Oh ... wait ... let me take that back.

Indeed Google DOES do that, which is where much of the negative sentiment Matt complained about comes from.

Recall when Google went after guest posts, a site which had a single useful guest post on it got a sitewide penalty.

Around that time it was noted Auction.com had thousands of search results for text which was in some of their guest posts.

About a month before the guest post crack down, Auction.com received a $50 million investment from Google Capital.

  • Publish a single guest post on your site = Google engineers shoot & ask questions later.
  • Publish a duplicated guest post on many websites, with Google investment = Google engineers see it as a safe, sound, measured, reasonable, effective, clean, whitehat strategy.

The point of highlighting that sort of disconnect was not to "out" someone, but rather to highlight the (il)legitimacy of the selective enforcement. After all, ...
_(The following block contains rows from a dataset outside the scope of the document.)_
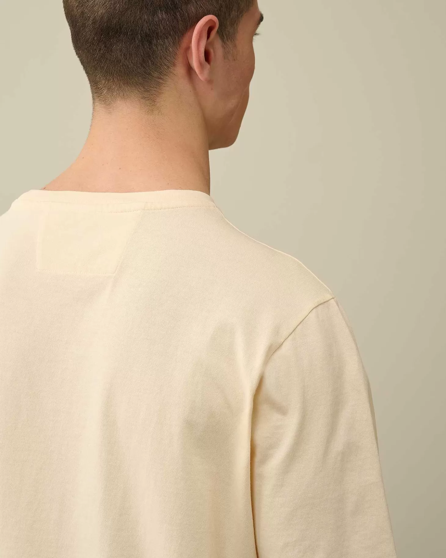 T-Shirt À Manches Courtes Avec Col Ras-Du-Cou Côtelé, Poche Poitrine Verticale Et Logo Imprimé. Ce Modèle Se Distingue Par Son Design Tubulaire Dessinant Une Poche Poitrine Au Moyen D’Une Seule Couture. Confectionné Dans Un Jersey De Coton 20/1 D’Épaisseur Moyenne Et Teint En Pièce Pour Plus De Profondeur Et D’Intensité Dans Les Couleurs. Coupe Droite.
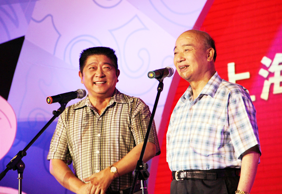 图为王汝刚、李久松表演独脚戏《爱心》。中国文艺网 董大汗 摄
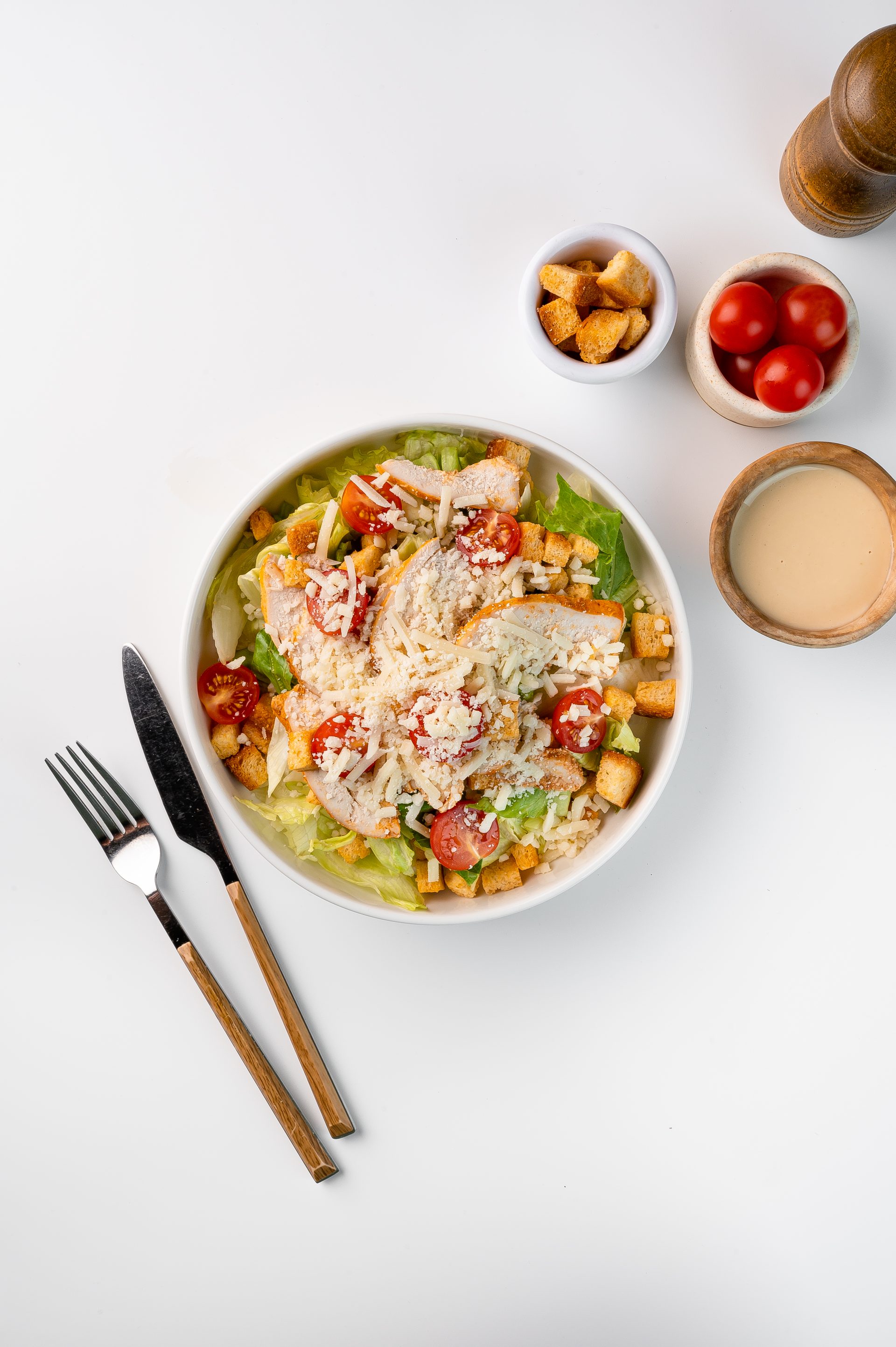 Состав: салат китайский, куриное филе, сыр, соус, сухари.

But perhaps Google has decided to change their practices and have a more reasonable approach to the SEO industry.

An encouraging development on this front was when Auction.com was once again covered in Bloomberg. They not only benefited from leveraging Google's data and money, but Google also offered them another assist:

Closely held Auction.com, which is valued at $1.2 billion, based on Google’s stake, also is working with the Internet company to develop mobile and Web applications and improve its search-engine optimization for marketing, Sharga said.

"In a capitalist system, [Larry Page] suggests, the elimination of inefficiency through technology has to be pursued to its logical conclusion." ― Richard Waters

With that in mind, one can be certain Google didn't "miss" the guest posts by Auction.com. Enforcement is selective, as always.

“The best way to control the opposition is to lead it ourselves.” ― Vladimir Lenin

Whether you turn left or right, the road leads to the same goal.